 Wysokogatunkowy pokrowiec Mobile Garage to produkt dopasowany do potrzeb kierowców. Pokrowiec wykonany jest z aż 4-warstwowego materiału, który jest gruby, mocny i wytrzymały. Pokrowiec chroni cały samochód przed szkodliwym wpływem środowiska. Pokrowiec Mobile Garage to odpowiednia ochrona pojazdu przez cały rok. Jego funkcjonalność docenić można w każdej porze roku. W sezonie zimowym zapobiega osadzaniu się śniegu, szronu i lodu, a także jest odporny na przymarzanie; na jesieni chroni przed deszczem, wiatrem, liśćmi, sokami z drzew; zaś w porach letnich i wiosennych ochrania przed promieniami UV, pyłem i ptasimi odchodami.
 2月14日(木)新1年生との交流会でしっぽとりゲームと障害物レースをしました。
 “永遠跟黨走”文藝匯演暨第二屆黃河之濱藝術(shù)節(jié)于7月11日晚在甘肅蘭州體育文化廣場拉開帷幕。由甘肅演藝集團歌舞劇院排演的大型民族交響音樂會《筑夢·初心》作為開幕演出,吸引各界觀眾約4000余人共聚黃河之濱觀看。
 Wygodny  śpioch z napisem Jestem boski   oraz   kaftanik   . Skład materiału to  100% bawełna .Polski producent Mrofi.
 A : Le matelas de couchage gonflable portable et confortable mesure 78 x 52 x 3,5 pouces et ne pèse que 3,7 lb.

==

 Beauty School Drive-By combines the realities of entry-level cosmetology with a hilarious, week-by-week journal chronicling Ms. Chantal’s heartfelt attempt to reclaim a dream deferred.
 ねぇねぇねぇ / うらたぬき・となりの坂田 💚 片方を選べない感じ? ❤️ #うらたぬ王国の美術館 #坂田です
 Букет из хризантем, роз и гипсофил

...

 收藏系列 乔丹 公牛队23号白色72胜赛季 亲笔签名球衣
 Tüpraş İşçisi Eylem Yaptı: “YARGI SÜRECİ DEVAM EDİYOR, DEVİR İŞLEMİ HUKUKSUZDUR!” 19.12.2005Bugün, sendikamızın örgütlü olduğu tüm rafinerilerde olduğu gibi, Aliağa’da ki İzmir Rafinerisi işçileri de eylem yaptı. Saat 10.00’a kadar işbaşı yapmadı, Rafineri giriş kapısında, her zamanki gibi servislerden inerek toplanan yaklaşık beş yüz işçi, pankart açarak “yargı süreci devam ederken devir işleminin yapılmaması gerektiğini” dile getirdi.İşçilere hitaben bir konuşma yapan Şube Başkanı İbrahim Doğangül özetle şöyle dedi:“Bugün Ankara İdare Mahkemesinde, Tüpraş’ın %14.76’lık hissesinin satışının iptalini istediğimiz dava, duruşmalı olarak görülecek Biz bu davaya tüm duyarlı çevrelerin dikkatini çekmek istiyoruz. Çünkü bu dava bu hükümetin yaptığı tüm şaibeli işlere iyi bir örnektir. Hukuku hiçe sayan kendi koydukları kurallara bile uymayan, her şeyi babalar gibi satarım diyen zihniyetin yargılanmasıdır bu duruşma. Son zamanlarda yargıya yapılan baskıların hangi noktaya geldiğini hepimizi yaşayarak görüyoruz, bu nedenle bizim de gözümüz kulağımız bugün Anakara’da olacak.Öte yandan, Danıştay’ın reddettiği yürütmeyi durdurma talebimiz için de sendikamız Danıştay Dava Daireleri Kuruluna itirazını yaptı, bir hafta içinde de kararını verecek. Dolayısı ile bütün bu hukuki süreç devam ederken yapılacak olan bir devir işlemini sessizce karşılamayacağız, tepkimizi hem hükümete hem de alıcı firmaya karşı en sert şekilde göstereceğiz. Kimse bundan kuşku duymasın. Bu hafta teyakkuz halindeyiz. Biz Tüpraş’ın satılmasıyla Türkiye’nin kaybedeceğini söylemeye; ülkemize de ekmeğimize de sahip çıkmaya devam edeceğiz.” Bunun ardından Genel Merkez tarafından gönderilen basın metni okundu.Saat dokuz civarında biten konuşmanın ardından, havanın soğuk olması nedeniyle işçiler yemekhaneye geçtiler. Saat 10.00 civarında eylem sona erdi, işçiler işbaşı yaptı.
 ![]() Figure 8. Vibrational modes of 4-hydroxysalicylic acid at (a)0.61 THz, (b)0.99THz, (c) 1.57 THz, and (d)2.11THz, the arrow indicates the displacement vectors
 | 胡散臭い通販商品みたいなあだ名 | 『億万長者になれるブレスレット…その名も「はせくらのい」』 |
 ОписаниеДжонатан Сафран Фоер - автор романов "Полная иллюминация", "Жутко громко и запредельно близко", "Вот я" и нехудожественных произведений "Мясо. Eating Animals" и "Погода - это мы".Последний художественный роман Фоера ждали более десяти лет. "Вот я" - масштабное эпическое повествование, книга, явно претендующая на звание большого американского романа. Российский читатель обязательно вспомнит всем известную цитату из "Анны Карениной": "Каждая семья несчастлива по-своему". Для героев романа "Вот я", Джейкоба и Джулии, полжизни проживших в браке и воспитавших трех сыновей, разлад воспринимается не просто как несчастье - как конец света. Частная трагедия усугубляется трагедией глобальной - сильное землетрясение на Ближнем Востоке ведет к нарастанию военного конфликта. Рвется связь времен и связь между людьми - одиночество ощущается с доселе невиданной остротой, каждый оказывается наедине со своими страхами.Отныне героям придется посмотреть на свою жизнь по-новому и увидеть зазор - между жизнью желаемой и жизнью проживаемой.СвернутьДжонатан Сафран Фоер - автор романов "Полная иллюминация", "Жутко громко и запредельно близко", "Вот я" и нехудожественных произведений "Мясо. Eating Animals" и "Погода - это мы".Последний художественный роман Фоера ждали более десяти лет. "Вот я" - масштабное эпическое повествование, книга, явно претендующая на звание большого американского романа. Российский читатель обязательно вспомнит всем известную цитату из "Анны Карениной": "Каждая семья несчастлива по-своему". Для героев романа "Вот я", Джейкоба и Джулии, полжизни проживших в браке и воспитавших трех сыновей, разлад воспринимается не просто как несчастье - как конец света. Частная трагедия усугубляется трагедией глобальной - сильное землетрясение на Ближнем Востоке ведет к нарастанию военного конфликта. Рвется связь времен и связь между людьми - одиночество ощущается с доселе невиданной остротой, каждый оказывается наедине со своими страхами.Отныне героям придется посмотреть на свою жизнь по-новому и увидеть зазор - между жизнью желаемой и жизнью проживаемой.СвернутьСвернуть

- WHAT YOU SHOULD DO:
Among the entries above, the lines between the ones containing "Wygodny  śpioch z" and "A : Le matelas", inclusive, are to be transcribed exactly. No other line is to be given.

- ANSWER:
 Wygodny  śpioch z napisem Jestem boski   oraz   kaftanik   . Skład materiału to  100% bawełna .Polski producent Mrofi.
 A : Le matelas de couchage gonflable portable et confortable mesure 78 x 52 x 3,5 pouces et ne pèse que 3,7 lb.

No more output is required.